WOW64 is important because it allows you to leverage most of your existing 32-bit code when performance and scalability are not a concern. It is a best of both worlds approach. You can port your service to 64-bit and leave your Microsoft Management Console (MMC) configuration snap-in 32-bit. The 64-bit version of Windows includes both 32-bit and 64-bit versions of MMC. When choosing to leave administration tools as 32-bit there may be some issues with inter-process communication, but protocols such as Remote Procedure Call (RPC) should work between 32-bit and 64-bit processes, as long as the interfaces are designed correctly. Another thing to keep in mind about WOW64 is that it is not designed for applications that require high-performance. At the very least, the WOW64 sub-system needs to extend 32-bit arguments to 64-bits, and truncate 64-bit return values to 32-bits. In the worst case, the WOW64 sub-system will need to make a kernel call, involving not only a transition to the kernel, but also a transition from the processor's 32-bit compatibility mode to its native 64-bit mode. Applications won't be able to scale very well when run under WOW64. For those applications that you would like to leave as 32-bit, test them under WOW64. If the performance is not meeting your expectations, you'll need to look at migrating the application to 64-bit.

WOW64 is implemented in user mode, as a layer between ntdll.dll and the kernel. WOW64 and some of its support DLLs are the only 64-bit DLLs that can be loaded into a 32-bit process. For all other cases, processes are kept pure. The 32-bit processes cannot load 64-bit DLLs, and vise versa.

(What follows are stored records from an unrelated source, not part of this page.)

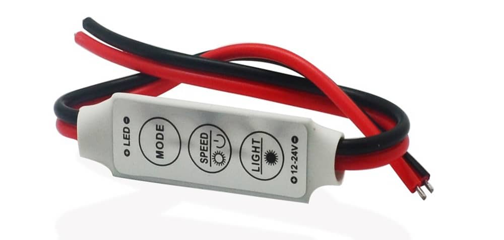 Pour le contrôle du travail sur un tel appareil, il utilise un dimère pour la bande LED, qui est inclus dans la protection de l'alimentation de la source lumineuse et peut contrôler le travail du mu d'une manière ou d'une autre dans le mode donné, et avec le l'aide de la télécommande.
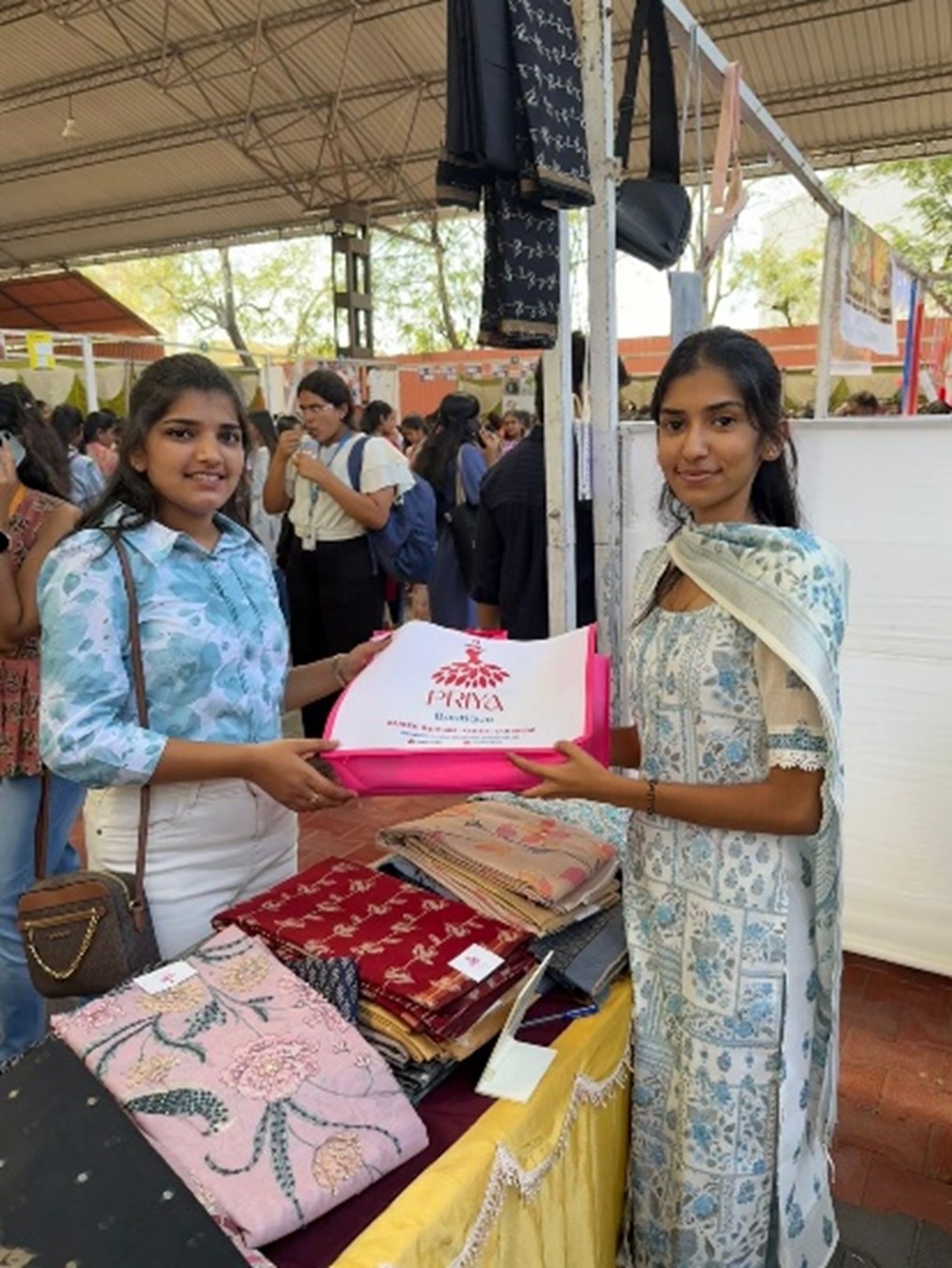 Shaparna K (25MBA133) and Jananika E (25MBA054), I MBA students, participated in EvanzA’26 conducted at PSGR Krishnammal College for Women on February 12 and 13, 2026. As part of the event activities, we put up a stall that provided us with practical exposure and entrepreneurial experience. Through this participation, we enhanced our customer interaction skills, gained insights into real-time business operations, and connected classroom learning with hands-on practice.
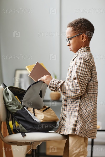 Американский мальчик упаковывает рюкзак African American Boy Packing Backpack Side View
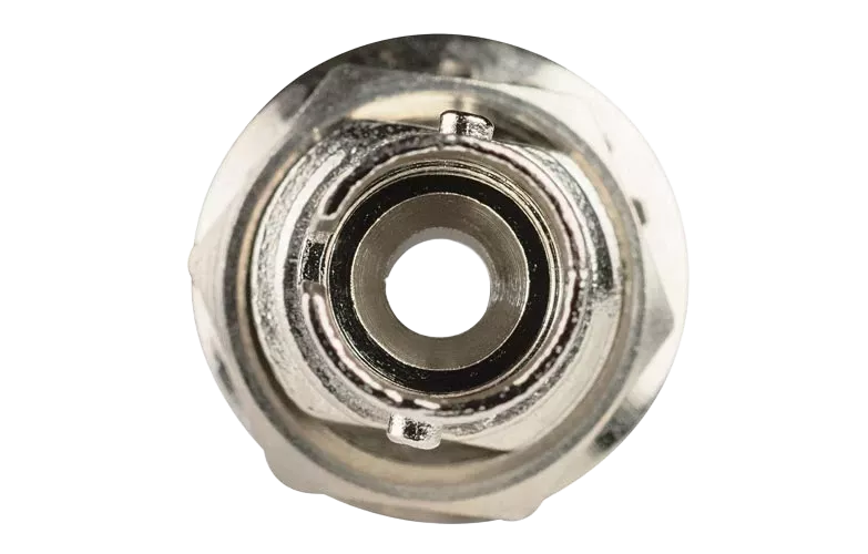 Корпус розетки сделан из латуни с никелевым покрытием. Стыковка наконечников оптических коннекторов осуществляется при помощи центрирующей втулки, изготовленной из циркониевой керамики. Фиксация коннекторов осуществляется с помощью резьбового соединения. Крепление розетки на адаптерной планке осуществляется с помощью шайбы-гровер и гайки. На резьбовой части крепёжного диаметра адаптера имеется фаска, образуя в сечении форму латинской буквы D.
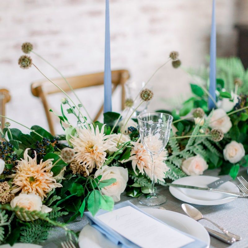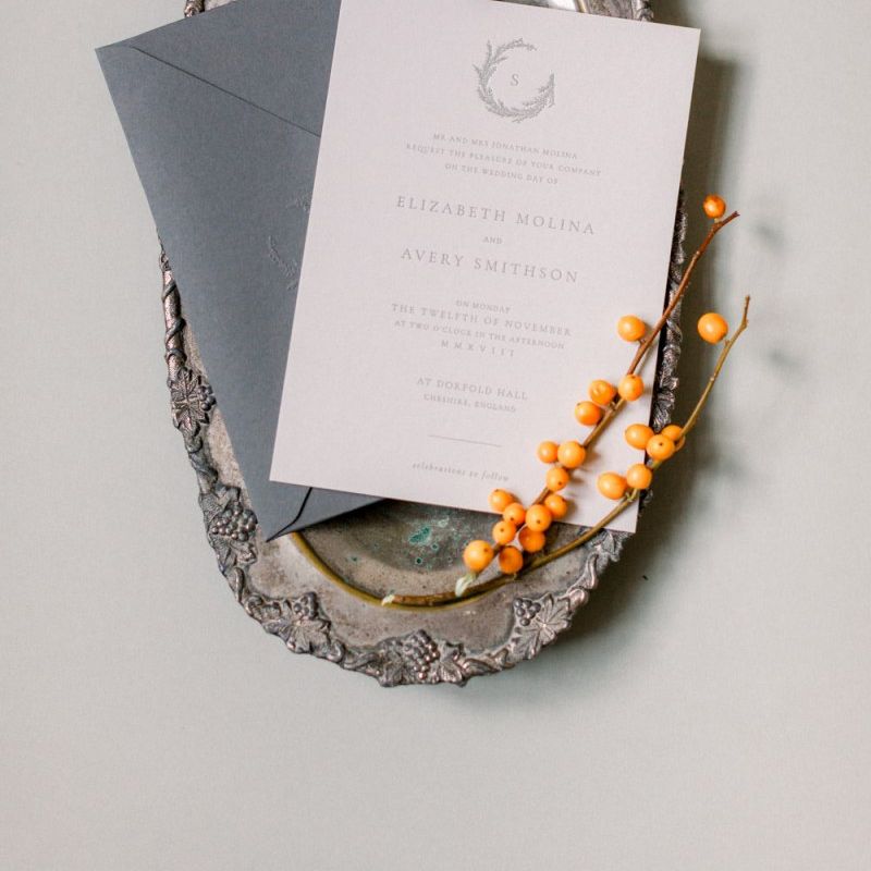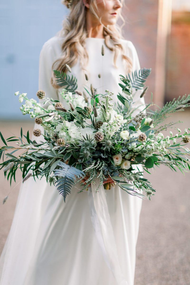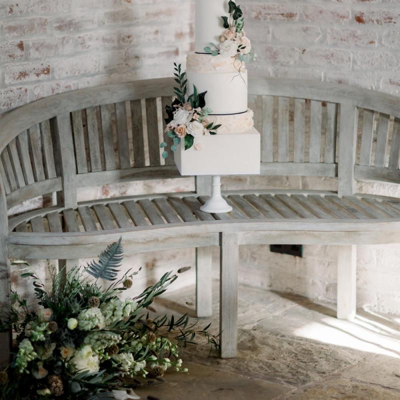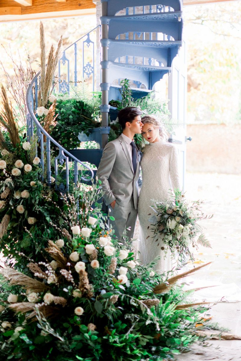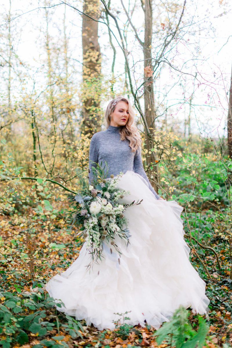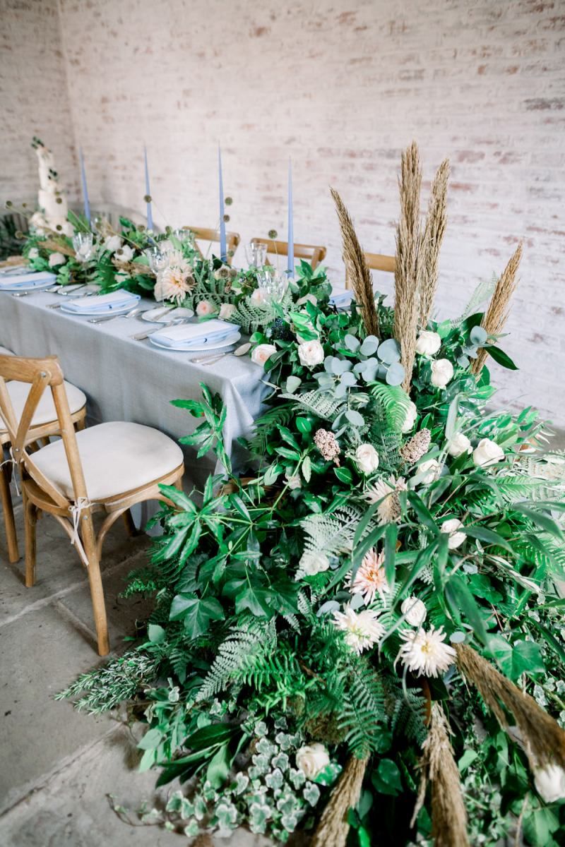 A group of talented wedding creatives headed for a beautiful styled shoot at the Cheshire wedding venue Dorfold Hall, a firm favourite among couples and suppliers alike. Capturing the magic and beauty that Winter has to offer was a major priority, and inspiration was taken from the beautiful shade of pale blue used on the Coach House doors and spiral staircase. This formed the basis for the cool colour palette, blues, greens, whites and pops of pale peach were used in the flowers, table set up and cake.
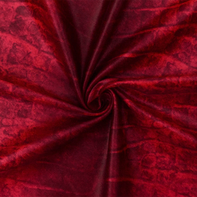 This Hot Red and Deep Burgundy Reptile Printed Satin Tricot fabric features a striking realistic reptile-skin pattern with a lustrous finish. Made with high-quality nylon and spandex blend, it offers four-way stretch and full-body drape, perfect for swimwear, activewear, costumes, and stylish apparel. Its soft, cool hand feel enhances comfort, while the light to medium weight makes it versatile for various sewing projects.
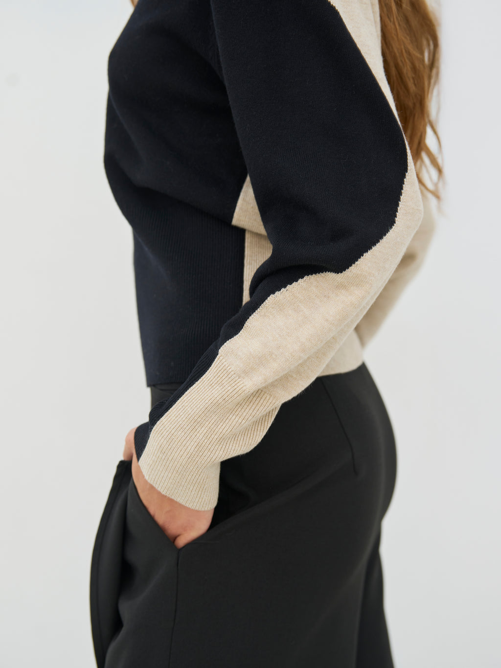 Dieser gestrickte Pullover hat einen schlichten, aber markanten Ausdruck mit Kontrastpanels, die dem Design ein grafisches Spiel verleihen. Der Pullover hat einen klassischen V-Ausschnitt, während die Rückseite ruhiger ist und für Ausgewogenheit im Gesamtbild sorgt. Die langen Ärmel folgen den gleichen Kontrastdetails und sorgen für ein stimmiges Erscheinungsbild aus allen Blickwinkeln. Kombinieren Sie den Pullover mit einer klassischen Hose oder einem Rock für ein legeres, aber durchdachtes Alltagsoutfit.

For more information about WOW64, see "64-bit Windows Programming - Running 32-bit Applications" in the Microsoft® Platform SDK.

Virtual Memory and Address Space

By default, the 32-bit version of Windows is limited to 4 gigabyte (GB) of address space, half of which is reserved for the kernel. This limits your average application to just 2 GB worth of virtual memory. 2 GB may seem like a lot, but that address space can easily be fragmented in an application by bad allocation algorithms, or large file mappings, or even excessive use of DLLs. Just take a look at the 'VM Size' column in task manager and see how much virtual memory your average application consumes. Of course, just like the old DOS days (with XMS/EMS), there are methods that allow a 32-bit application to access more than 4 GB of physical memory. Enter Physical Address Extensions (PAE) and Address Windowing Extensions (AWE). PAE works by extending the number of address bits from 32 to 36, which allows an application to address up to 64 GB. AWE allows an application to map ranges of physical memory greater than 4 GB into your virtual address space. Both of these methods introduce overhead and added code complexity.

The 64-bit version of Windows provides 16 TB worth of address space, half of which is available to user mode applications. This means entire databases can be moved into memory, significantly increasing performance, or whole Web sites can be cached in memory. It also enables code to reserve and commit huge contiguous blocks of virtual memory, without really having to worry about virtual memory fragmentation. This allows for huge file mapping objects or shared memory sections as well.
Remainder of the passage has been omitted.